Estou muito entusiasmado a trabalhar neste concerto. Vai ser uma experiência bailecore, que é pegar em tudo o que há de futurístico, de espacial, de vanguardista na música de baile, porque sinto que a música de baile tem este potencial de futurismo: tem os sintetizadores, tem esta estética turbinada e é muito futurística. A música de baile está sempre a evoluir. Este concerto, para mim, é a minha visão daquilo que pode ser a música de baile. Então é uma experiência com sons de carros elétricos, com lasers, com cores fortes, com muita velocidade. Sinto que vai ser uma experiência estética muito intensa, e estou muito entusiasmado a trabalhar em todos os sons e em todos os elementos do concerto.

E vai dar também para ir um pouco mais atrás e demorar mais tempo a tocar canções que eu não tenho tocado, do meu trabalho antes do álbum passado. Vou recordar as minhas músicas antigas, que também são bastante atuais para mim, agora que estou a começar a pensar aonde quero ir a seguir, em termos musicais.

Quais delas, em específico?

Eu estou a falar, por exemplo, da Jazigo, de músicas que eu não toco há bastante tempo nos concertos. Há uma música em específico também deste álbum que nunca toquei ao vivo, que é uma música muito emocional para mim, em que tenho a minha filha Emília a chorar com autotune no final do disco. É uma música bastante emocional, que vou tocar pela primeira vez ao vivo.

Por isso há também espaço para voltar um bocadinho atrás e lembrar onde já estive, musicalmente, e trabalhar mais esse momento do Mafama antigo. Quero fazer uma viagem pelo Mafama antigo. Eestou muito entusiasmado em transformar este concerto numa “nave espacial do baile”.

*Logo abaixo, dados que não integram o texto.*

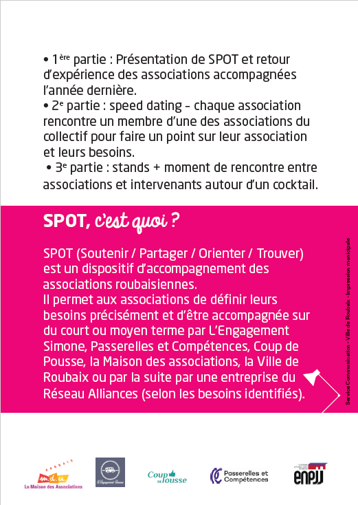 Nous avons le plaisir de vous inviter à la soirée "ressource" pour l'accompagnement des associations roubaisiennes !
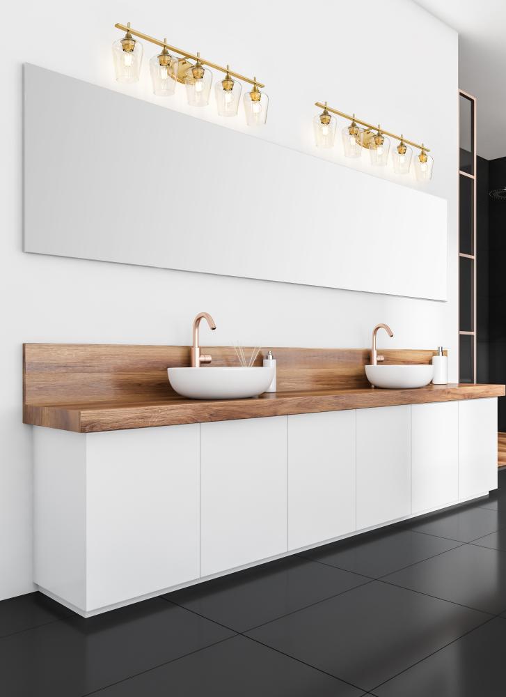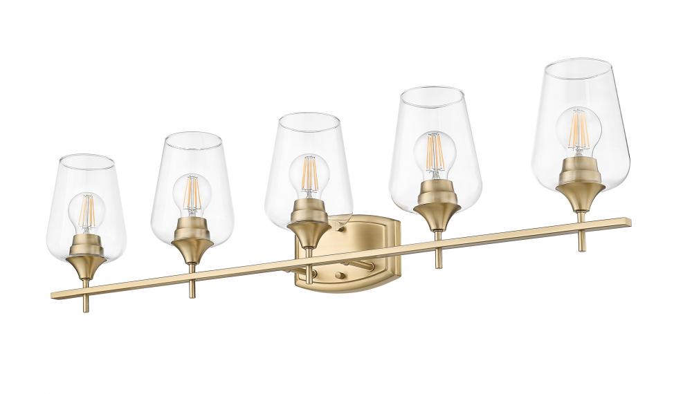Larger master or guest bath spaces play host to a five-light vanity light oriented to delicate sophistication. Beautiful burnished brass finish steel construction forms a linear frame and shapely wall plate, aligning five sparkling clear glass goblet shades filtering dimmable lighting suited to creating a more functional bathroom or dressing space.
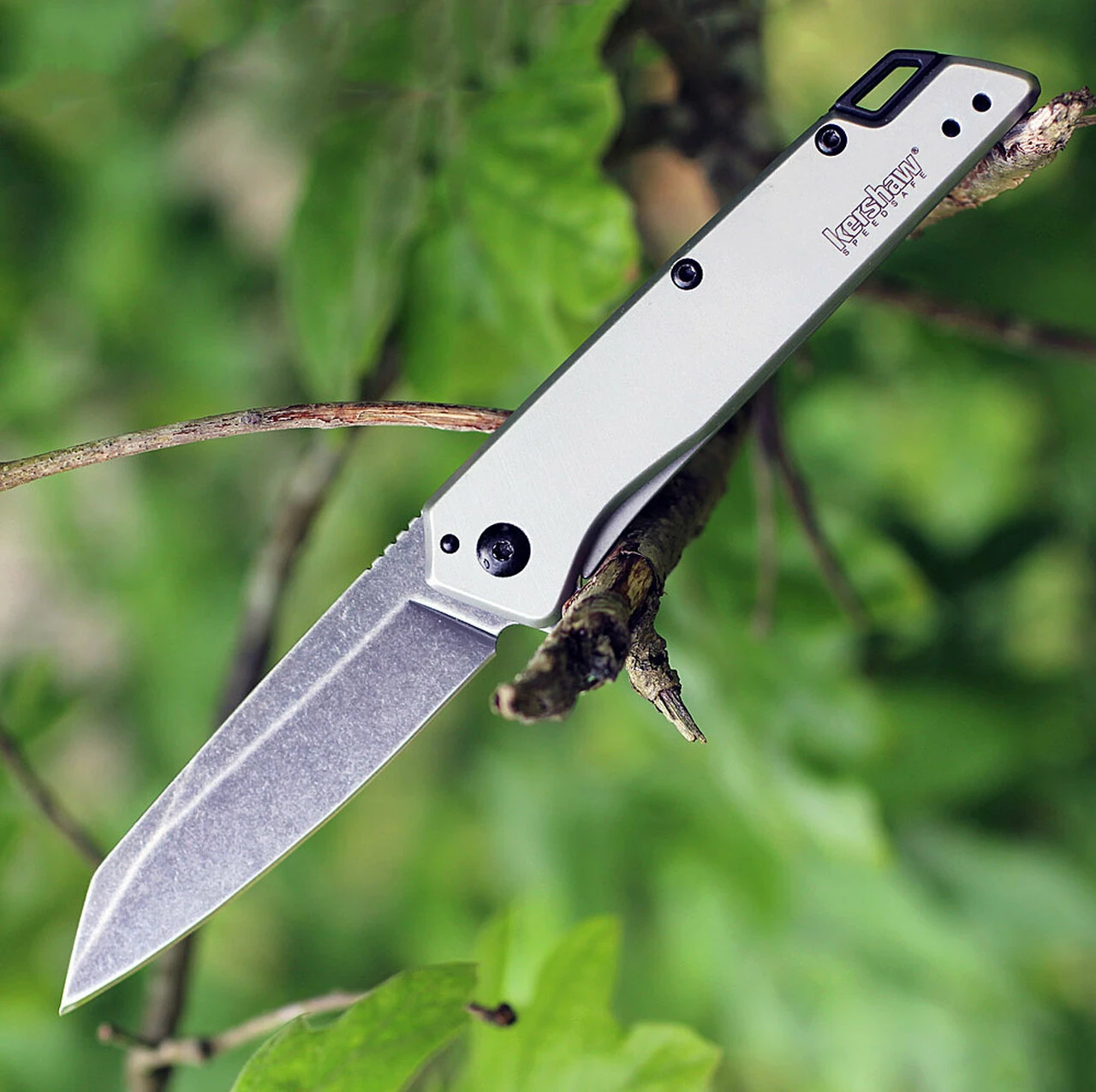 Kershaw 1365 Misdirect, 2.9″ 4Cr13 Blackwash Plain Blade, Stonewash Stainless Steel Handle

Há planos para o resto do ano?

Temos um verão bastante completo ainda pela frente, com muitos concertos pelas ilhas da Madeira e dos Açores. Vou fazer uma pequena turné por lá e tenho bastantes concertos já agendados. Também um especial em Aveiro, que vai ser um concerto especial com o Diego El Gavi e com o Francisco Montoya, que tocaram comigo na Estrada, por isso tenho um verão intenso, mas sinto que este concerto vai ser o culminar minha experimentação com a música de baile e de tudo aquilo que eu andei a experimentar nestes concertos e a desenvolver. Vamos pegar nisto tudo e fazer a versão bailecore disto tudo.